■ PROBLEM STATEMENT ■
Every line of the material is to be transcribed verbatim, with images omitted.

■ STORED DATA ■

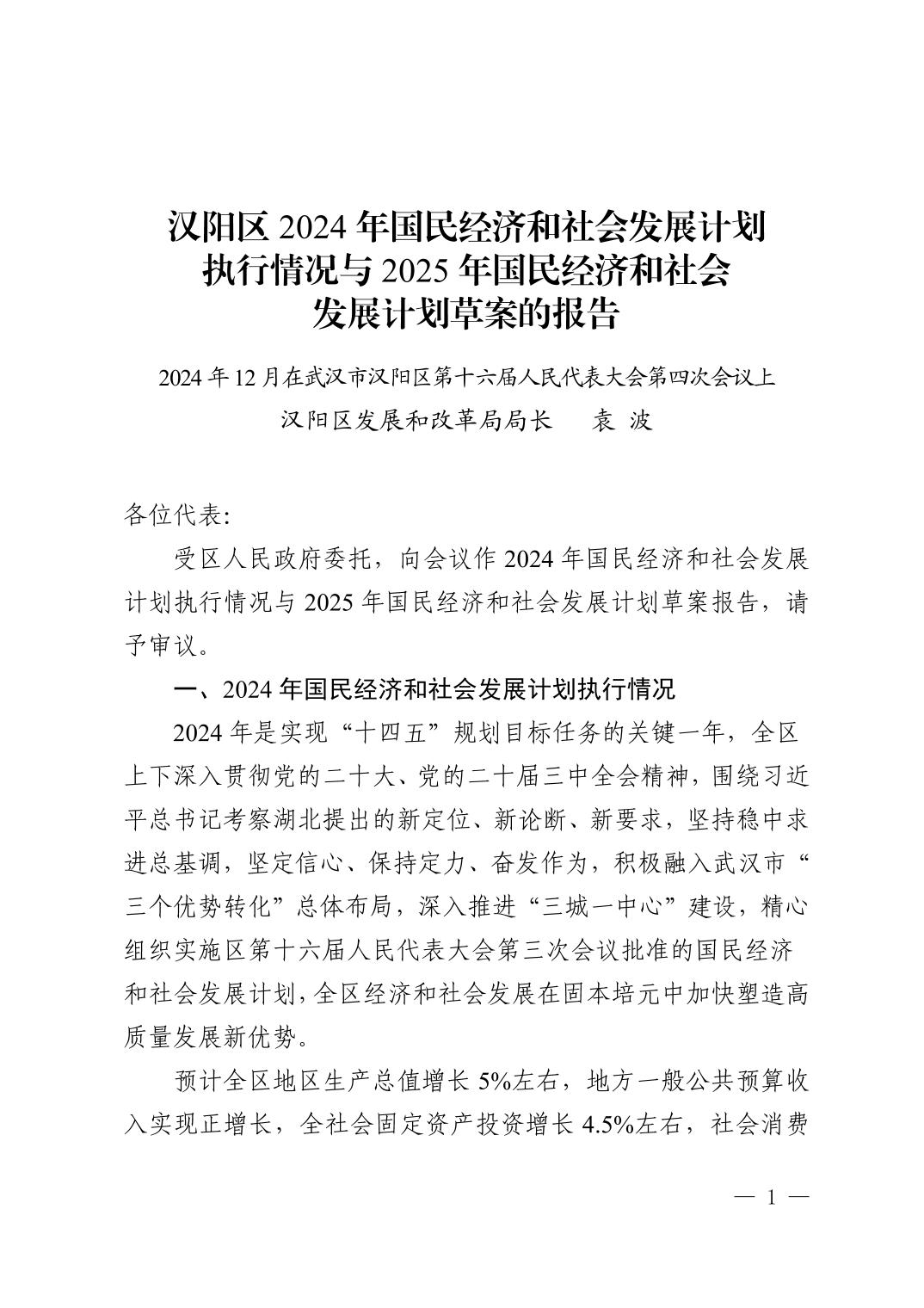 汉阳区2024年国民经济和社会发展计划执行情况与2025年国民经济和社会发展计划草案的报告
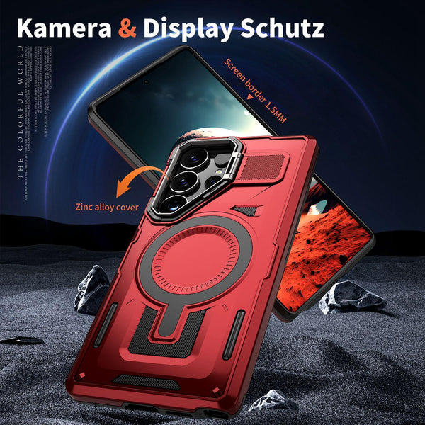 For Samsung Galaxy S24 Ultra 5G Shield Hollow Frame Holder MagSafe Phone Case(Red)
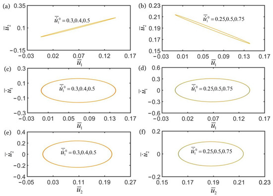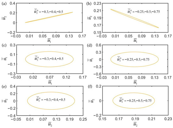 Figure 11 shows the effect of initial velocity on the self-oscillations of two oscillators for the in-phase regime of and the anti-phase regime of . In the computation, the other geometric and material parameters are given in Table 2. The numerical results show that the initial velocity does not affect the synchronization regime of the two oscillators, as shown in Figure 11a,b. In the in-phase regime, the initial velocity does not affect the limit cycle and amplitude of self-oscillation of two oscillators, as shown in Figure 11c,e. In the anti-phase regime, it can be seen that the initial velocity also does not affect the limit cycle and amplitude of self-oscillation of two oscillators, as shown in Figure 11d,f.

■ RESPONSE AREA ■
 汉阳区2024年国民经济和社会发展计划执行情况与2025年国民经济和社会发展计划草案的报告
 For Samsung Galaxy S24 Ultra 5G Shield Hollow Frame Holder MagSafe Phone Case(Red)
 Figure 11 shows the effect of initial velocity on the self-oscillations of two oscillators for the in-phase regime of and the anti-phase regime of . In the computation, the other geometric and material parameters are given in Table 2. The numerical results show that the initial velocity does not affect the synchronization regime of the two oscillators, as shown in Figure 11a,b. In the in-phase regime, the initial velocity does not affect the limit cycle and amplitude of self-oscillation of two oscillators, as shown in Figure 11c,e. In the anti-phase regime, it can be seen that the initial velocity also does not affect the limit cycle and amplitude of self-oscillation of two oscillators, as shown in Figure 11d,f.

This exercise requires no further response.